For this part, this is my model. A two-hidden-layers DNN with activation functions of Relu and softmax, Cross entropy loss for the error function. I'm not really sure if my backpropagation is correct or not. I think something is wrong here.

import numpy as np


class NN():
    def __init__(self, input_size, hidden_1_size, hidden_2_size, output_size):
        self.input_data = np.random.randn(1, input_size)
        self.w1 = np.random.randn(input_size, hidden_1_size)
        self.b1 = np.random.randn(1, hidden_1_size)
        
        self.w2 = np.random.randn(hidden_1_size, hidden_2_size)
        self.b2 = np.random.randn(1, hidden_2_size) 
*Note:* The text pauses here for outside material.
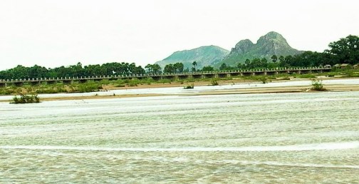 92.10.7 下午,涉水渡尼連禪河,於河中回望,遠眺苦行林與前正覺山, 佛陀曾於苦行林六年修苦行,並於前正覺山降伏事火外道三迦葉。

        self.w3 = np.random.randn(hidden_2_size, output_size)
        self.b3 = np.random.randn(1, output_size)


    def Sigmoid(self, z):
        return np.clip(1 / (1.0 + np.exp(-z)), 1e-8, 1 - (1e-7))

    def Softmax(self, z):
        y_logit = np.exp(z - np.max(z, 1, keepdims=True))
        y = y_logit / np.sum(y_logit, 1, keepdims=True)
        return y

    def Relu(self, z):
        return np.maximum(z, 0)

    def acc_test(self, input_data):
        tmp_h1 = self.Relu(input_data.dot(self.w1) + self.b1)
        tmp_h2 = self.Relu(self.h1_out.dot(self.w2) + self.b2)
        tmp_out = self.Softmax(self.h2_out.dot(self.w3) + self.b3)
        return tmp_out

    # Feed Placeholder

    def forward(self, input_data):

        self.input_data = input_data
        self.h1_out = self.Relu(input_data.dot(self.w1) + self.b1)
        self.h2_out = self.Relu(self.h1_out.dot(self.w2) + self.b2)
        self.output_layer = self.Softmax(self.h2_out.dot(self.w3) + self.b3)

    # Backward Propagation

    def backward(self, target):

        # corss_entropy loss derivative
        Loss_to_z_grad = (self.output_layer - target) # correct

        self.b3_grad = Loss_to_z_grad
        self.w3_grad = self.h2_out.T.dot(Loss_to_z_grad) # correct



        Activation_2＿grad = Loss_to_z_grad.dot(self.w3.T) # correct
        Activation_2_grad[Activation_2_grad<0] = 0

        self.b2_grad = Activation_2＿grad
        self.w2_grad = self.h1_out.T.dot(Activation_2＿grad)

        
        Activation_1＿grad = Activation_2＿grad.dot(self.w2.T)
        Activation_1_grad[Activation_1_grad<0] = 0     

        self.b1_grad = Activation_1＿grad
        self.w1_grad = self.input_data.T.dot(Activation_1＿grad)


    # Update Weights
    def update(self, learning_rate=1e-06):
        self.w1 = self.w1 - learning_rate * self.w1_grad
        self.b1 = self.b1 - learning_rate * self.b1_grad

        self.w2 = self.w2 - learning_rate * self.w2_grad
        self.b2 = self.b2 - learning_rate * self.b2_grad

        self.w3 = self.w3 - learning_rate * self.w3_grad
        self.b3 = self.b3 - learning_rate * self.b3_grad

    # Loss Functions
    def cross_entropy(Y, Y_prediction):
        return -(np.matmul(Y, np.log(Y_prediction)) + np.matmul((1-Y), np.log(1-Y_prediction)))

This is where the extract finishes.